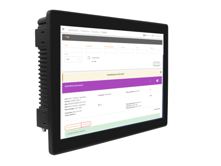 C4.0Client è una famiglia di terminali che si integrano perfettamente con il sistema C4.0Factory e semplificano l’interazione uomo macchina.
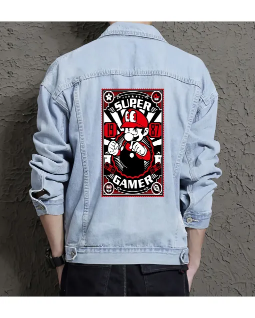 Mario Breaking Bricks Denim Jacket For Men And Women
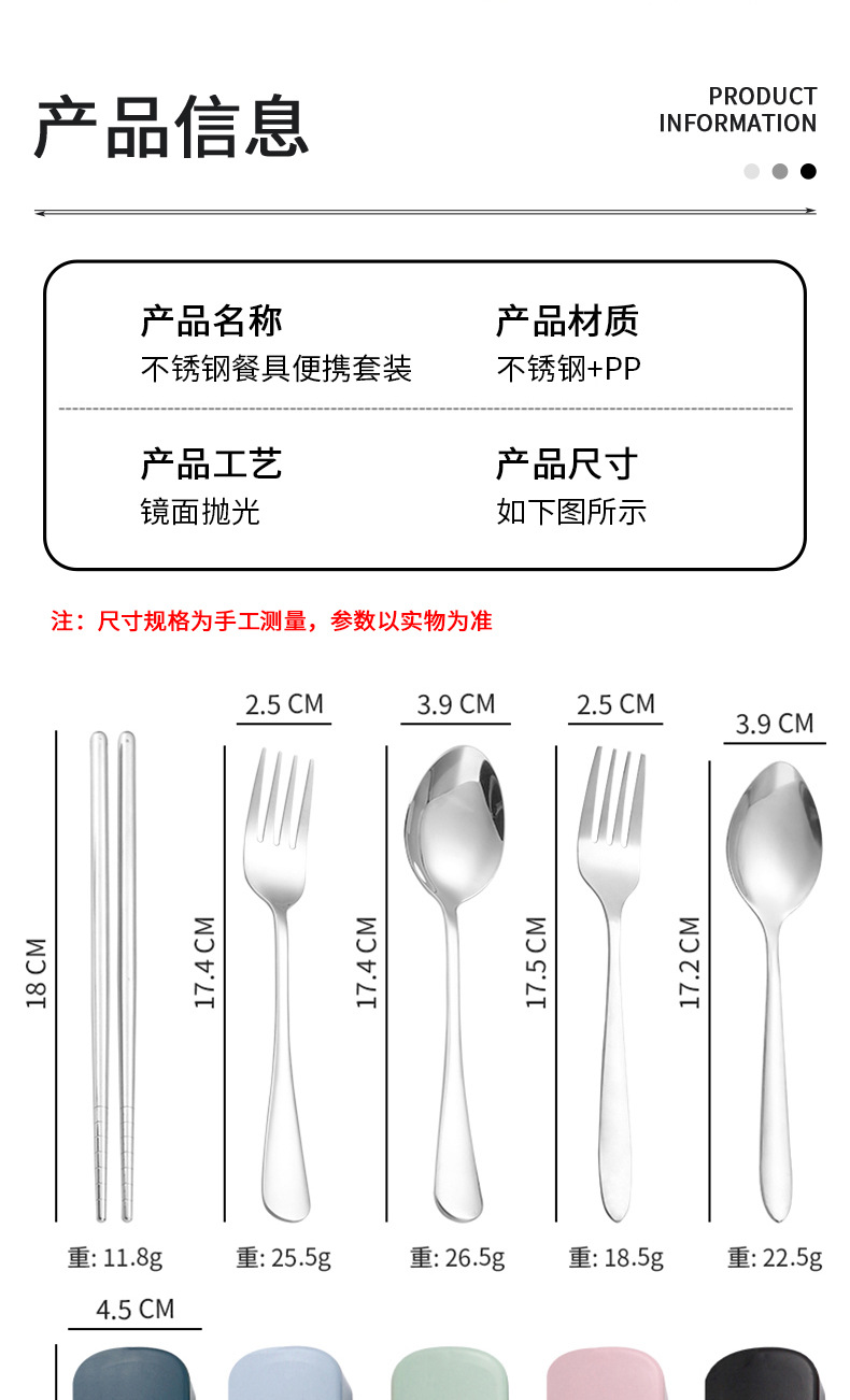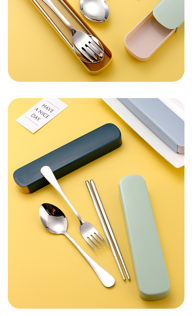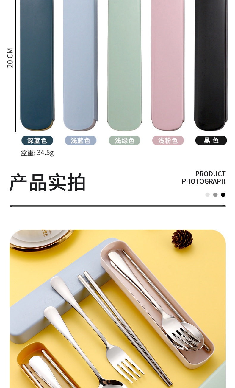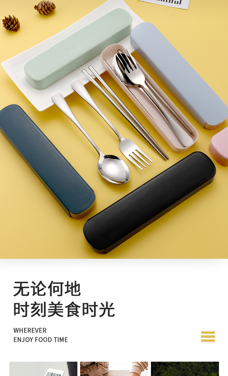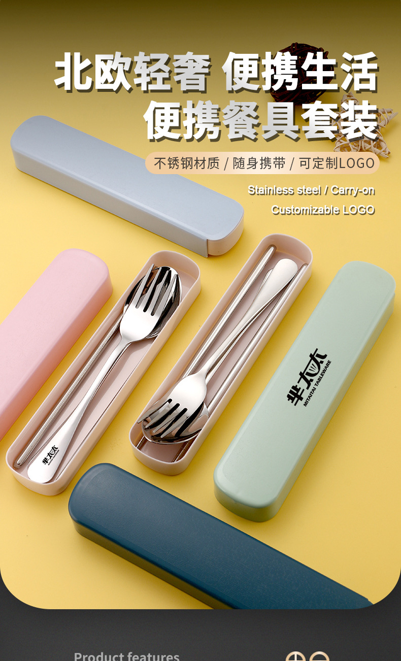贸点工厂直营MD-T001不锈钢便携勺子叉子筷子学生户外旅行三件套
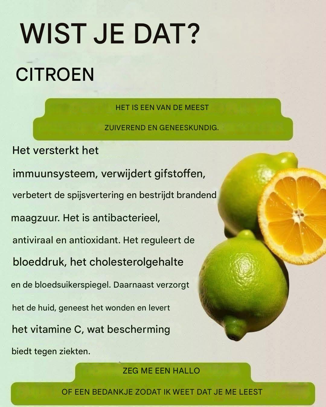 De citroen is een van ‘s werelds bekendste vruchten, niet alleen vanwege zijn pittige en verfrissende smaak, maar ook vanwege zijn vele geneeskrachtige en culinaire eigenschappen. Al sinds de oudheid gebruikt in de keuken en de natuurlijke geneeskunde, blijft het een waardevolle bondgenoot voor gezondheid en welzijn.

# Work request:
Reproduce the data in full. Do not carry over any picture.

# Task result:
 C4.0Client è una famiglia di terminali che si integrano perfettamente con il sistema C4.0Factory e semplificano l’interazione uomo macchina.
 Mario Breaking Bricks Denim Jacket For Men And Women
贸点工厂直营MD-T001不锈钢便携勺子叉子筷子学生户外旅行三件套
 De citroen is een van ‘s werelds bekendste vruchten, niet alleen vanwege zijn pittige en verfrissende smaak, maar ook vanwege zijn vele geneeskrachtige en culinaire eigenschappen. Al sinds de oudheid gebruikt in de keuken en de natuurlijke geneeskunde, blijft het een waardevolle bondgenoot voor gezondheid en welzijn.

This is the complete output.